** Opening Dataset content block **
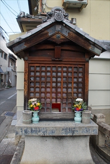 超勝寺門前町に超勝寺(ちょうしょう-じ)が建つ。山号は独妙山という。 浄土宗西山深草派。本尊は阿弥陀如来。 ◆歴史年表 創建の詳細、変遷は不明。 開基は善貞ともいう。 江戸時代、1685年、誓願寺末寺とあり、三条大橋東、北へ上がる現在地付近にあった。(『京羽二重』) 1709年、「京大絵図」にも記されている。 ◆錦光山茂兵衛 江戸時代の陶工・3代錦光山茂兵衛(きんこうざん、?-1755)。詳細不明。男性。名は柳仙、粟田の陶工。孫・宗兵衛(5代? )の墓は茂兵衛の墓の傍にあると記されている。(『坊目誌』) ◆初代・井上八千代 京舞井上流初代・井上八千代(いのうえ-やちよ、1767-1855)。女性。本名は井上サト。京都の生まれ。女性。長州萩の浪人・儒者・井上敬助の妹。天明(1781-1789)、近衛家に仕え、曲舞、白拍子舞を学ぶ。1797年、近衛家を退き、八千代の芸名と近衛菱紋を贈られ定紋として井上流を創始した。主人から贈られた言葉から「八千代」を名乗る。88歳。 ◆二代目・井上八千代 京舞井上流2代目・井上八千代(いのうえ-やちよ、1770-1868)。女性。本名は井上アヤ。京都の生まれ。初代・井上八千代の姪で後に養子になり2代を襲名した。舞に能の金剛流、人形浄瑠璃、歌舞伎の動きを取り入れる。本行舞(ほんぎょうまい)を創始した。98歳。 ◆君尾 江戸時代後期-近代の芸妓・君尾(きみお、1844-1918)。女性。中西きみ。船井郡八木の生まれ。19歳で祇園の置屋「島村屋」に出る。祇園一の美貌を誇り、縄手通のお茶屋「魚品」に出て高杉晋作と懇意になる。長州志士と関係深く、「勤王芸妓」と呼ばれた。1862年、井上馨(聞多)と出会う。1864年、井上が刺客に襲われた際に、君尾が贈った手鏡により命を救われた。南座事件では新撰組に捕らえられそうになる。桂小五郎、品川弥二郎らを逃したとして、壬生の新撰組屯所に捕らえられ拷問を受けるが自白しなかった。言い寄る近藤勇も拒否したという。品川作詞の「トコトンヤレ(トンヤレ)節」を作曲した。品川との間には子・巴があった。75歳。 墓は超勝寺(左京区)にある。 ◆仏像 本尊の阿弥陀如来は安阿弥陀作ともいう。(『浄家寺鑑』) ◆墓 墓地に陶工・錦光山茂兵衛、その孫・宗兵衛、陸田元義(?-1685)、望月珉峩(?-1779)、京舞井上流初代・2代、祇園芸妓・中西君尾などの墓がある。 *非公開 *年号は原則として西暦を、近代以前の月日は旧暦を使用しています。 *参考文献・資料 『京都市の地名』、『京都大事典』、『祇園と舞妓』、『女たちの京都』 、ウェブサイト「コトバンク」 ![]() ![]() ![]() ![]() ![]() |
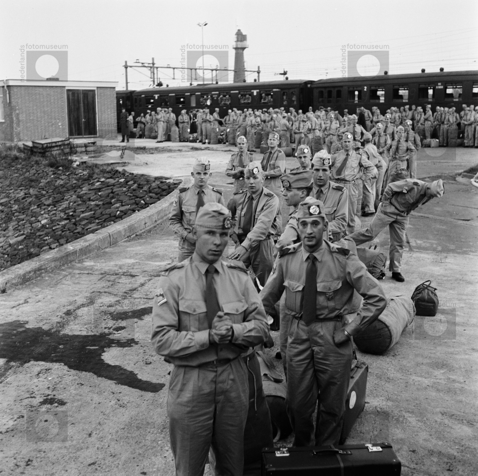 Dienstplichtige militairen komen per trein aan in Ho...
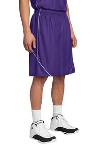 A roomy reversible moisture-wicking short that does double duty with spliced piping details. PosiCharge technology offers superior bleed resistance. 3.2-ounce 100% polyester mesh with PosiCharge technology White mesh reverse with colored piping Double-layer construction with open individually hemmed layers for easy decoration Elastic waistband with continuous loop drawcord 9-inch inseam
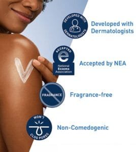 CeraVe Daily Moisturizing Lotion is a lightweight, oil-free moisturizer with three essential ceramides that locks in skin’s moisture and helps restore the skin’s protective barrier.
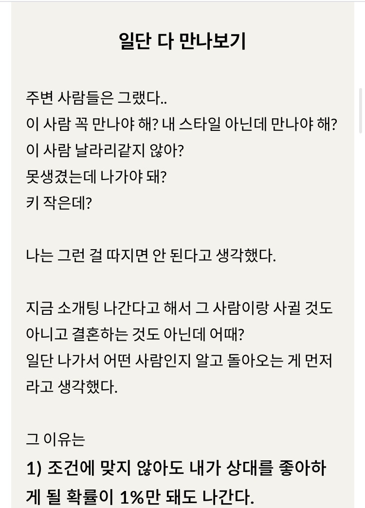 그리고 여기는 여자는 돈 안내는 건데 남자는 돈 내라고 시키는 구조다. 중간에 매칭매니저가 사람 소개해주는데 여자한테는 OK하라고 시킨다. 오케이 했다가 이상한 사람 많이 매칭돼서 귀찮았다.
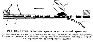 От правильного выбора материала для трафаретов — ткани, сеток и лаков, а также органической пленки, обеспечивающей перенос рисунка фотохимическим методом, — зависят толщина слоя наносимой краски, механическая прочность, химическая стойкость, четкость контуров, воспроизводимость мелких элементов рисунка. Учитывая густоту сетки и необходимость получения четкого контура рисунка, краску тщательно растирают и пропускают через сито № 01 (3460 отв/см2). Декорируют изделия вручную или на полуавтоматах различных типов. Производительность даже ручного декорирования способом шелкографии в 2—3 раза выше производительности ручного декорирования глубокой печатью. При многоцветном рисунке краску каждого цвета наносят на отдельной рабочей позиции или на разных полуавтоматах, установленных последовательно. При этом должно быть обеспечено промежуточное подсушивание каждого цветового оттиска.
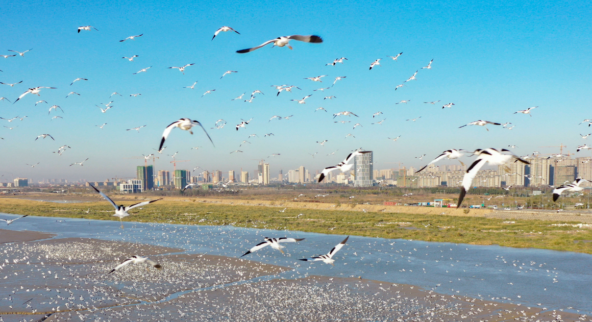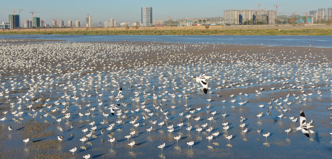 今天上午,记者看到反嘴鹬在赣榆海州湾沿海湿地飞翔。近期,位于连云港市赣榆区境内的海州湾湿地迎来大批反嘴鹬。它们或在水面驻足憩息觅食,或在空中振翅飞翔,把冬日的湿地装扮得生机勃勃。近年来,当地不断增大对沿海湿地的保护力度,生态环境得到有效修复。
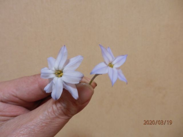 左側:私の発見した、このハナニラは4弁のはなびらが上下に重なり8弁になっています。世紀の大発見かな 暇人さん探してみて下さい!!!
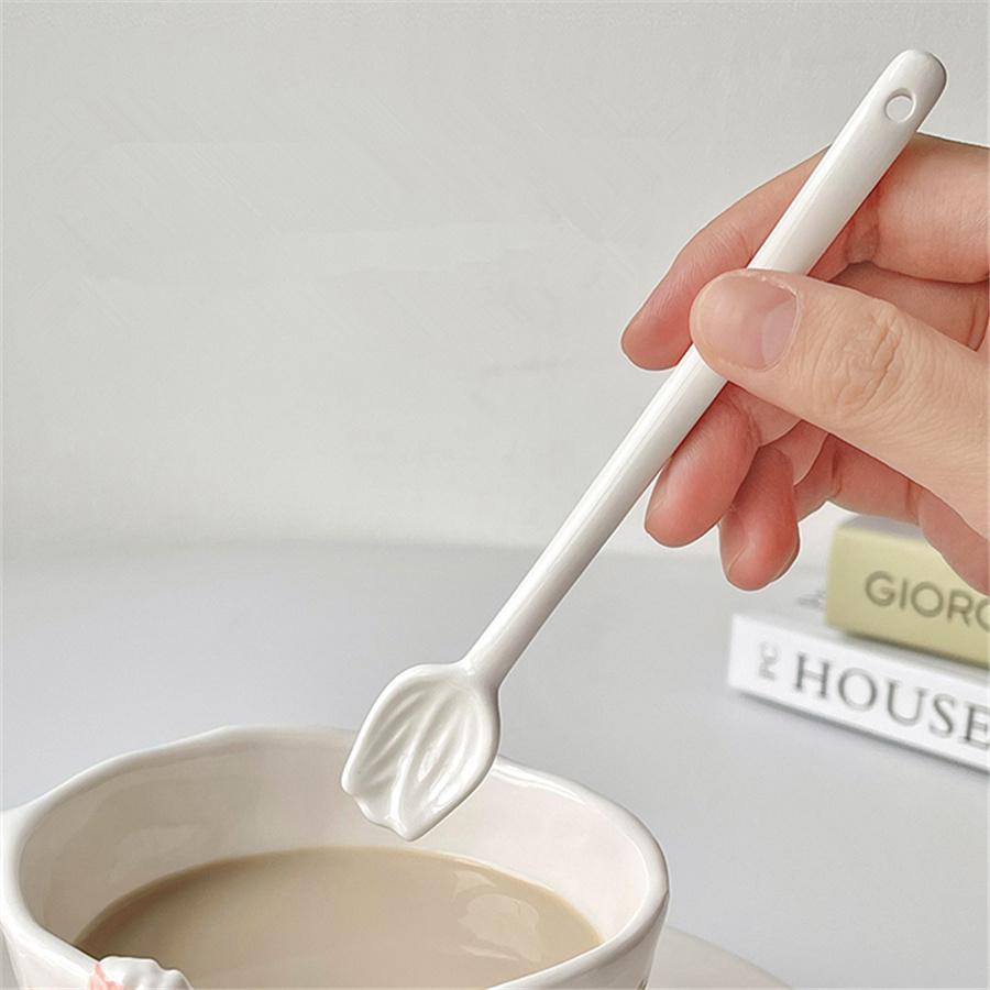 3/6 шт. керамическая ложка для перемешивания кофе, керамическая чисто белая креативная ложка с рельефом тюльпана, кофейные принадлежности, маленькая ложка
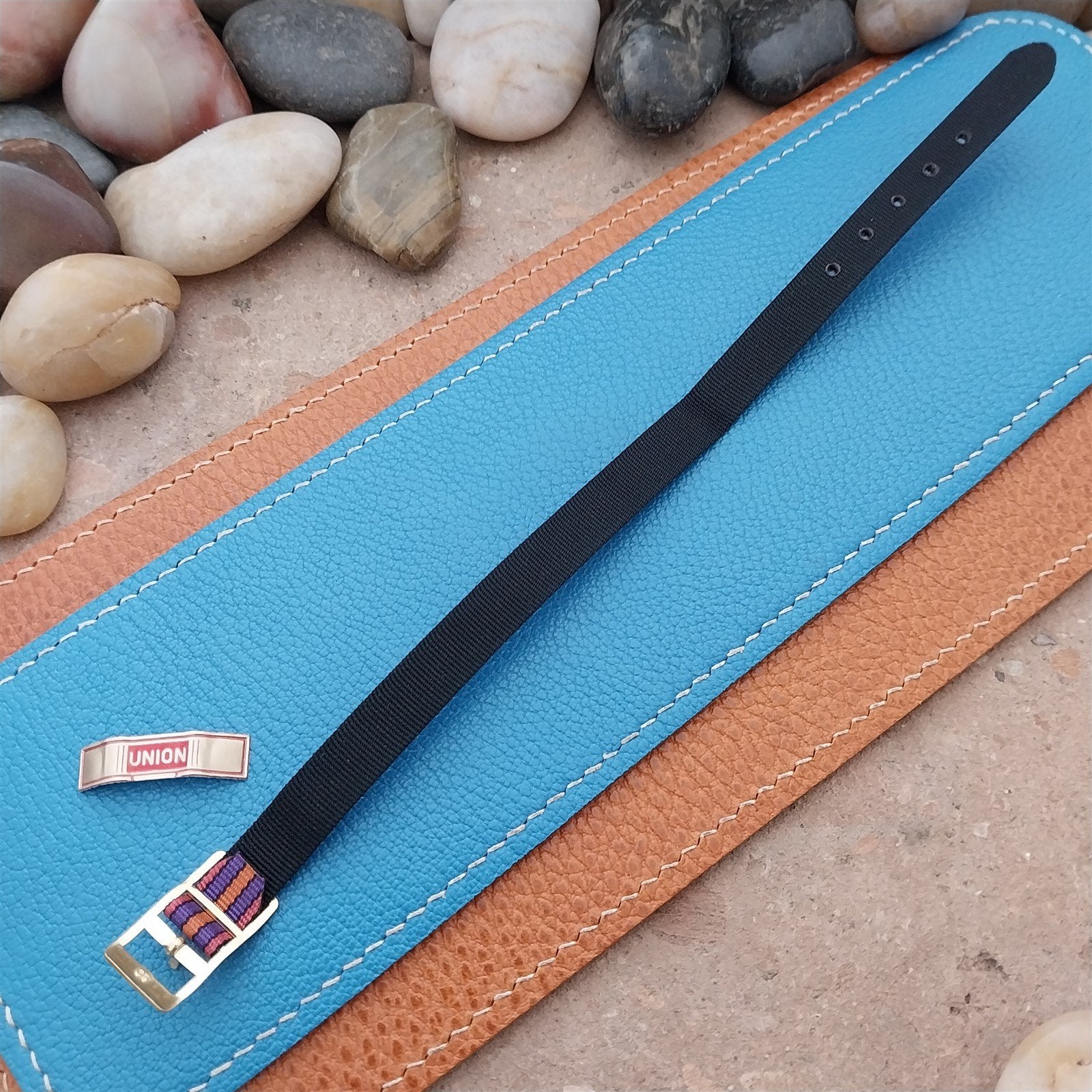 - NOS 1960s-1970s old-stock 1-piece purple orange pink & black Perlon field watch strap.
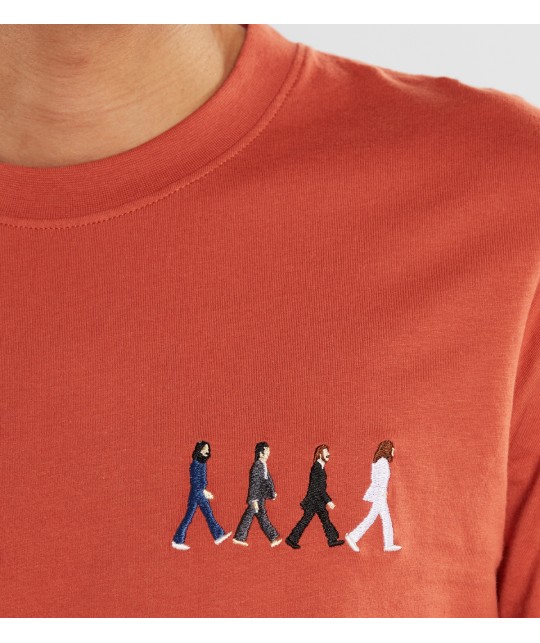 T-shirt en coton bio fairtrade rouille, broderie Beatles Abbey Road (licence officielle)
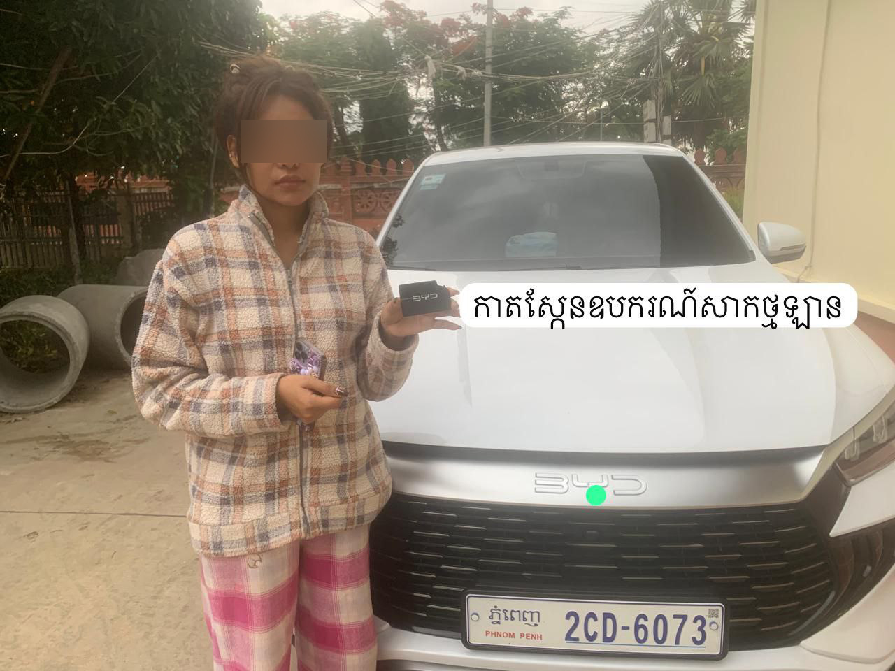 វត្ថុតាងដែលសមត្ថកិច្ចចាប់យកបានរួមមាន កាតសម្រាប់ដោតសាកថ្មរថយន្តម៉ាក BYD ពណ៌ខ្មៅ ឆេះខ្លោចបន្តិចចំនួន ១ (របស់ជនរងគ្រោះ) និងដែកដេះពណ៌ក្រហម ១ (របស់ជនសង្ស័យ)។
** Closing Dataset content block **
### Directions
What is needed here is an exact copy of all the entries, without the pictures.

### Solution for this exercise
 超勝寺門前町に超勝寺(ちょうしょう-じ)が建つ。山号は独妙山という。 浄土宗西山深草派。本尊は阿弥陀如来。 ◆歴史年表 創建の詳細、変遷は不明。 開基は善貞ともいう。 江戸時代、1685年、誓願寺末寺とあり、三条大橋東、北へ上がる現在地付近にあった。(『京羽二重』) 1709年、「京大絵図」にも記されている。 ◆錦光山茂兵衛 江戸時代の陶工・3代錦光山茂兵衛(きんこうざん、?-1755)。詳細不明。男性。名は柳仙、粟田の陶工。孫・宗兵衛(5代? )の墓は茂兵衛の墓の傍にあると記されている。(『坊目誌』) ◆初代・井上八千代 京舞井上流初代・井上八千代(いのうえ-やちよ、1767-1855)。女性。本名は井上サト。京都の生まれ。女性。長州萩の浪人・儒者・井上敬助の妹。天明(1781-1789)、近衛家に仕え、曲舞、白拍子舞を学ぶ。1797年、近衛家を退き、八千代の芸名と近衛菱紋を贈られ定紋として井上流を創始した。主人から贈られた言葉から「八千代」を名乗る。88歳。 ◆二代目・井上八千代 京舞井上流2代目・井上八千代(いのうえ-やちよ、1770-1868)。女性。本名は井上アヤ。京都の生まれ。初代・井上八千代の姪で後に養子になり2代を襲名した。舞に能の金剛流、人形浄瑠璃、歌舞伎の動きを取り入れる。本行舞(ほんぎょうまい)を創始した。98歳。 ◆君尾 江戸時代後期-近代の芸妓・君尾(きみお、1844-1918)。女性。中西きみ。船井郡八木の生まれ。19歳で祇園の置屋「島村屋」に出る。祇園一の美貌を誇り、縄手通のお茶屋「魚品」に出て高杉晋作と懇意になる。長州志士と関係深く、「勤王芸妓」と呼ばれた。1862年、井上馨(聞多)と出会う。1864年、井上が刺客に襲われた際に、君尾が贈った手鏡により命を救われた。南座事件では新撰組に捕らえられそうになる。桂小五郎、品川弥二郎らを逃したとして、壬生の新撰組屯所に捕らえられ拷問を受けるが自白しなかった。言い寄る近藤勇も拒否したという。品川作詞の「トコトンヤレ(トンヤレ)節」を作曲した。品川との間には子・巴があった。75歳。 墓は超勝寺(左京区)にある。 ◆仏像 本尊の阿弥陀如来は安阿弥陀作ともいう。(『浄家寺鑑』) ◆墓 墓地に陶工・錦光山茂兵衛、その孫・宗兵衛、陸田元義(?-1685)、望月珉峩(?-1779)、京舞井上流初代・2代、祇園芸妓・中西君尾などの墓がある。 *非公開 *年号は原則として西暦を、近代以前の月日は旧暦を使用しています。 *参考文献・資料 『京都市の地名』、『京都大事典』、『祇園と舞妓』、『女たちの京都』 、ウェブサイト「コトバンク」 ![]() ![]() ![]() ![]() ![]() |
 Dienstplichtige militairen komen per trein aan in Ho...
 A roomy reversible moisture-wicking short that does double duty with spliced piping details. PosiCharge technology offers superior bleed resistance. 3.2-ounce 100% polyester mesh with PosiCharge technology White mesh reverse with colored piping Double-layer construction with open individually hemmed layers for easy decoration Elastic waistband with continuous loop drawcord 9-inch inseam
 CeraVe Daily Moisturizing Lotion is a lightweight, oil-free moisturizer with three essential ceramides that locks in skin’s moisture and helps restore the skin’s protective barrier.
 그리고 여기는 여자는 돈 안내는 건데 남자는 돈 내라고 시키는 구조다. 중간에 매칭매니저가 사람 소개해주는데 여자한테는 OK하라고 시킨다. 오케이 했다가 이상한 사람 많이 매칭돼서 귀찮았다.
 От правильного выбора материала для трафаретов — ткани, сеток и лаков, а также органической пленки, обеспечивающей перенос рисунка фотохимическим методом, — зависят толщина слоя наносимой краски, механическая прочность, химическая стойкость, четкость контуров, воспроизводимость мелких элементов рисунка. Учитывая густоту сетки и необходимость получения четкого контура рисунка, краску тщательно растирают и пропускают через сито № 01 (3460 отв/см2). Декорируют изделия вручную или на полуавтоматах различных типов. Производительность даже ручного декорирования способом шелкографии в 2—3 раза выше производительности ручного декорирования глубокой печатью. При многоцветном рисунке краску каждого цвета наносят на отдельной рабочей позиции или на разных полуавтоматах, установленных последовательно. При этом должно быть обеспечено промежуточное подсушивание каждого цветового оттиска.
 今天上午,记者看到反嘴鹬在赣榆海州湾沿海湿地飞翔。近期,位于连云港市赣榆区境内的海州湾湿地迎来大批反嘴鹬。它们或在水面驻足憩息觅食,或在空中振翅飞翔,把冬日的湿地装扮得生机勃勃。近年来,当地不断增大对沿海湿地的保护力度,生态环境得到有效修复。
 左側:私の発見した、このハナニラは4弁のはなびらが上下に重なり8弁になっています。世紀の大発見かな 暇人さん探してみて下さい!!!
 3/6 шт. керамическая ложка для перемешивания кофе, керамическая чисто белая креативная ложка с рельефом тюльпана, кофейные принадлежности, маленькая ложка
 - NOS 1960s-1970s old-stock 1-piece purple orange pink & black Perlon field watch strap.
 T-shirt en coton bio fairtrade rouille, broderie Beatles Abbey Road (licence officielle)
 វត្ថុតាងដែលសមត្ថកិច្ចចាប់យកបានរួមមាន កាតសម្រាប់ដោតសាកថ្មរថយន្តម៉ាក BYD ពណ៌ខ្មៅ ឆេះខ្លោចបន្តិចចំនួន ១ (របស់ជនរងគ្រោះ) និងដែកដេះពណ៌ក្រហម ១ (របស់ជនសង្ស័យ)។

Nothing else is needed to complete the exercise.